In many ways, their suspicions were correct. Cameron and his immediate allies are not naturally comfortable with the enthused and eccentric that make up much of the membership of my party (or any other British party). And while “modernisers” were correct that we couldn't win with just the same policies and people, they also forgot that we couldn't win without them either. Too often, rather than seeking to forge alliances between the Conservative base and the centre, we have jettisoned our own in order to pursue the fresh and the new.
The outcome has been apathy, the rise of Ukip and delight in rebellion. With Ukip just two points behind the Conservative party in the polls, the bankruptcy of this approach is now clear. But it would be wrong to blame just the Cameron clique for the decay of Conservatives in the community. The truth is more complicated and more structural, and requires action much more dramatic than a mass email of contrition.
Conservative Associations often resemble an hourglass. At the top are members in their sixties and seventies. And there are younger members: students, ambitious would-be politicos in their twenties. I was briefly (and pretty disastrously) Vice-Chair of the Conservative Association in my university town. Almost all the members were either studying or retired. This is not uncommon. It is a problem. The combination of callow youth and “seen it all” wisdom can skew the focus and feel of Conservatism. The absence of young families buying their first house and people in full-time work, juggling mortgage repayments—these are weaknesses in the fabric of grassroots Conservatism that can leave us as out-of-touch at the local level as we're accused of being at the top.
It is this strange demographic mix that can make the Conservative party look so obsessive and so distant to many voters. Young members are often bombastic and given to a Manichaean worldview—I certainly was in my early twenties. Older members are often, understandably, nostalgic for a Britain and a Conservative party that they fear is lost. Both groups are united in a fascination with Europe and a longing for a conservatism that is more radical and less nuanced. They fall out over issues such as gay marriage—the young, broadly, embracing it with enthusiasm while their older colleagues tend to be suspicious of such a big change benefitting so few people.
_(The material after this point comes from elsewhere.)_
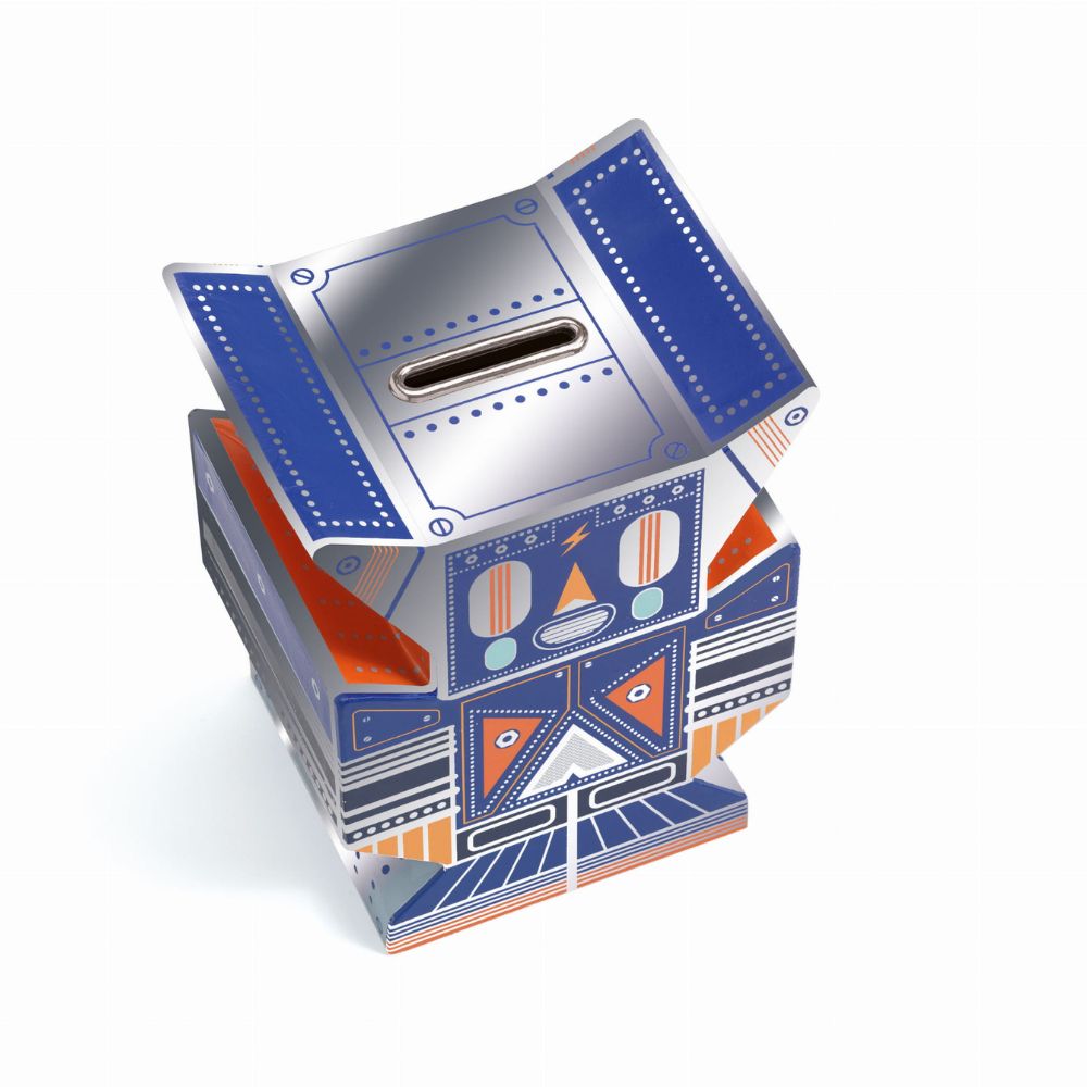 Denna spargris från Djeco i form av en trärobot är dekorerad med metallglans.

There are, of course, plenty of individual members who don't fall into the types described above. And I don't want to get rid of the wonderful and colourful membership that the Conservative party has retained. We need to find a way to keep our committed, experienced older members and our active, enthusiastic younger members while also reaching out to fill the gaping hole in the middle. Otherwise, relations between the grassroots and any leadership are likely to remain strained.
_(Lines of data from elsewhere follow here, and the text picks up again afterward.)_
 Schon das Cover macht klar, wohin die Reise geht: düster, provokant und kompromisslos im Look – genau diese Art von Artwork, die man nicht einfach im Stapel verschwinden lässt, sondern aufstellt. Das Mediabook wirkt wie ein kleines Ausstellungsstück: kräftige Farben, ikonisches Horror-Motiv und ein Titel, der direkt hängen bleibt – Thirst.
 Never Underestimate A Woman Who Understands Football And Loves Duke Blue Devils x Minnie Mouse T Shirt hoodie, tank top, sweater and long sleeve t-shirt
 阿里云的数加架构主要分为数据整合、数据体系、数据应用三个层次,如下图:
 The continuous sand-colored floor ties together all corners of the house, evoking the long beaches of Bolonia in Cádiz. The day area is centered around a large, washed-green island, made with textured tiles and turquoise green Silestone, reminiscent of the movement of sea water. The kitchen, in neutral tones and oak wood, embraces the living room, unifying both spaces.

How to do it? The Conservative party suffers from a lack of routes in. Labour has the union movement, which sucks members closer to the party fold via self-interest and workplace solidarity. We have no such mechanisms. Robert Halfon has argued that we must reinvigorate the Conservative Trade Unionists (now Conservatives at Work). I agree, but we should go further.
We need a new Primrose League (the group founded by Disraeli which, at one point, had a membership of 2 million) to bring families into the fold. It should become something akin to a trade union for middle-income parents and it should sit in parallel to the party structure—independent but affiliated so that members get to participate in the big moments for local parties (such as candidate selection). Above all it should be cheaper than party membership, currently £25 a year.
This or any attempt to broaden our membership requires good faith from the leadership. The trade-off for having a bigger and more diverse movement is that it will be harder to control. The benefits are clear but so, too, are the opportunities for awkward conversations and difficult disagreements. Yet the alternative is to watch the Conservative party become ever less like the bulk of the country's workers and voters. That won't, in the long run, make the lives of those in David Cameron's “close social and professional” circle any easier.
If we want a party that looks like Britain then we need a party that feels listened to and appreciated, that has many routes in and many layers of membership. As an act of contrition for what may or may not have been said, CCHQ would do well to concentrate on delivering that party.